Methods: A retrospective review of all simultaneous bilateral microvascular breast reconstructions performed by the senior author from July1999-July 2008 was performed. Flap failures were identified and reviewed for operative parameters, causes of flap loss, and techniques used for secondary reconstruction.
Results: We identified 557 consecutive patients who underwent 728 microvascular breast reconstructions between July 1999 and July 2008. Bilateral reconstructions were performed in 171 patients (30.7%) and unilateral reconstructions were performed in 386 patients (69.3%). The mean age of our sample was 46 years (range 34 - 59), and mean follow-up was 32.1 months (range 5 - 127 months).
Flap failure occurred in 20 of 728 flaps, yielding an overall failure rate of 2.7%. Flap failure occurred in 8 of 386 flaps (2.1%) performed in the setting of unilateral reconstructions, and in 12 of 342 flaps (3.5%) performed in the setting of bilateral reconstruction. No significant difference in the incidence of flap failure was observed between unilateral and bilateral reconstructions (p = 0.24).

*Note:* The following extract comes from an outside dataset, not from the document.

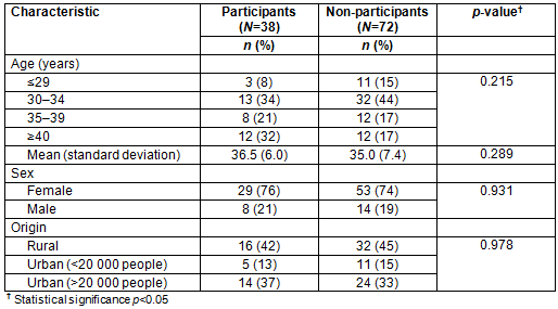 Of 500 GP trainees of the Verbundweiterbildungplus, 274 trainees had the offer to participate at a rural day. From the 80 trainees who participated at a rural day, 38 responded to the survey (response rate 48%). From the 194 non-participants, 72 filled in the questionnaire (response rate 37%). The overall response rate was 40%. Participants and non-participants did not differ significantly in age, sex and origin. Table 1 shows the characteristics of participants and non-participants in the rural day.

There was a 3.8% failure rate (8/212) for immediate reconstructions compared to a 3.4% failure rate (4/118) for delayed reconstructions, revealing no statistical difference between flap failure rates as a function of timing (p = 0.56)
When bilateral reconstructions and flap failures were stratified by flap type, we noted that 1 of 108 (0.9%) MS-TRAM flaps failed, and 11 of 228 (4.8%) DIEP flaps failed. No failures were observed in SGAP reconstructions. There was no statistical difference between rates of free flap failure as a function of flap type performed, but DIEP did approach significance (p=0.067) for increased odds of failure.

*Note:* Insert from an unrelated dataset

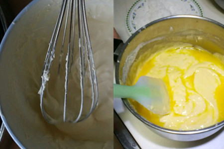 六、把三分之一的蛋白泡沫倒入之前搅拌好了的蛋黄液当中,用勺子用容器的底部忘上捞,如此循环往复一定的次数。搅拌得差不多了,就加入剩下的蛋白液之中,然后轻轻地把它们拌匀就可以了。

Causes of flap failure included venous insufficiency (6/12, 50%), lack of adequate perforator anatomy (3/12, 25%) and perforator injury during dissection (2/12, 17%), and late flap necrosis (1/12, 8%). Secondary reconstruction with tissue expanders and implants was performed in 11/12 patients who underwent an average of 2.25 additional procedures to complete reconstruction.
Conclusions: Bilateral autologous breast reconstruction can be performed with an acceptably low failure rate in both the immediate and delayed settings. The higher rate of flap failure amongst bilateral reconstructions is largely secondary to the obligation to use both sides of the abdominal donor tissue, compared to unilateral reconstructions in which the ideal side may be chosen. When failure does occur, prosthetic reconstruction to replace the failed flap is an excellent option. When the situation permits, the prosthetic reconstruction should be performed prior to the microvascular reconstruction, as the autologous tissue can be better shaped and modified to match the prosthetic side than vice versa. Employing these techniques can ultimately result in successful bilateral reconstructions despite free flap failure.